Red Hat & Google Cloud extend partnership for AI innovation
The collaboration will bring together Red Hat's open source technologies and Google Cloud's infrastructure, along with Google's Gemma family of open AI models. This initiative aims to offer cost-effective AI inference and greater hardware choices for businesses deploying generative AI at scale.
Brian Stevens, Senior Vice President and Chief Technology Officer – AI, Red Hat said, "With this extended collaboration, Red Hat and Google Cloud are committed to driving groundbreaking AI innovations with our combined expertise and platforms. Bringing the power of vLLM and Red Hat open source technologies to Google Cloud and Google's Gemma equips developers with the resources they need to build more accurate, high-performing AI solutions, powered by optimized inference capabilities."
The latest phase of the alliance will see the companies launch the llm-d open source project, with Google acting as a founding contributor. This project is intended to facilitate scalable and efficient AI inference across diverse computing environments. Red Hat is introducing the project as a response to enterprise challenges, such as the growing complexity of AI ecosystems and the need for distributed computing strategies.
The companies have also announced that support for vLLM, an open source inference server used to speed up generative AI outputs, will be enabled on Google Cloud's Tensor Processing Units (TPUs) and GPU-based virtual machines. Google Cloud's TPUs, which are already a part of Google's own AI infrastructure, will now be accessible to developers using vLLM, allowing for improved performance and resource efficiency for fast and accurate inference.
Red Hat will be among the earliest testers for Google's new open model Gemma 3, and it will provide 'Day 0' support for vLLM on Gemma 3 model distributions. This is part of Red Hat's broader efforts as a commercial contributor to the vLLM project, focusing on more cost-effective and responsive platforms for generative AI applications.

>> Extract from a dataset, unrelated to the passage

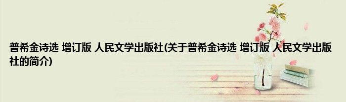 本文关于普希金诗选 增订版 人民文学出版社的简介就讲解完毕,希望对大家有所帮助。
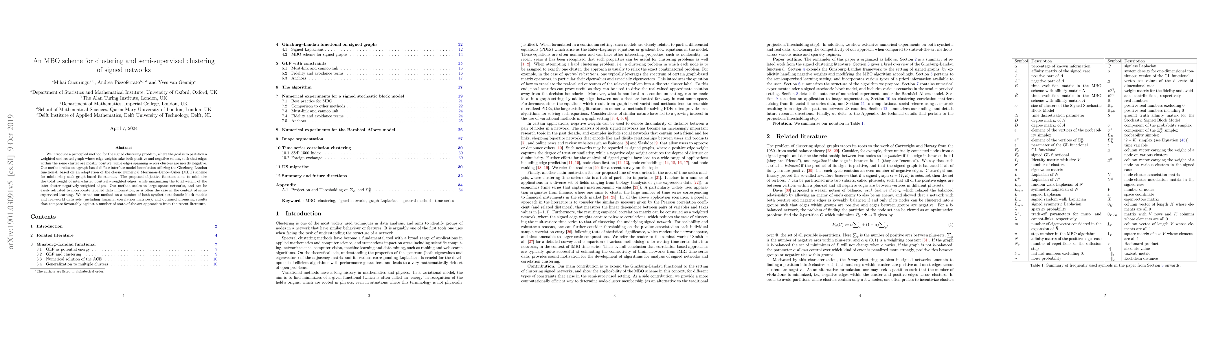 This paper proposes a novel MBO scheme for clustering signed networks, aiming to partition graphs with both positive and negative edge weights such that intra-cluster edges are mostly positive and inter-cluster edges are mostly negative. The method scales to large networks and can incorporate labeled data for semi-supervised clustering, showing promising results on both synthetic and real-world datasets.

The collaboration also includes the availability of Red Hat AI Inference Server on Google Cloud. This enterprise distribution of vLLM helps companies scale and optimise AI model inference within hybrid cloud environments. The integration with Google Cloud enables enterprises to deploy generative AI models that are ready for production and can deliver cost and responsiveness efficiencies at scale.
Supporting community-driven AI development, Red Hat will join Google as a contributor to the Agent2Agent (A2A) protocol, an application-level protocol designed to enable communication between agents or end-users across different platforms and cloud environments. Through the A2A ecosystem, Red Hat aims to promote new ways to accelerate innovation and enhance the effectiveness of AI workflows through agentic AI.
Mark Lohmeyer, Vice President and General Manager, AI and Computing Infrastructure, Google Cloud, commented, "The deepening of our collaboration with Red Hat is driven by our shared commitment to foster open innovation and bring the full potential of AI to our customers. As we enter a new age of AI inference, together we are paving the way for organisations to more effectively scale AI inference and enable agentic AI with the necessary cost-efficiency and high performance."
The llm-d project builds upon the established vLLM community, aiming to create a foundation for generative AI inference that can adapt to the demands of large-scale enterprises while facilitating innovation and cost management. The intention is to enable AI workload scalability across different resource types and enhance workload efficiency.
These initiatives highlight the companies' collective effort to offer business users production-ready, scalable, and efficient AI solutions powered by open source technologies and robust infrastructure options.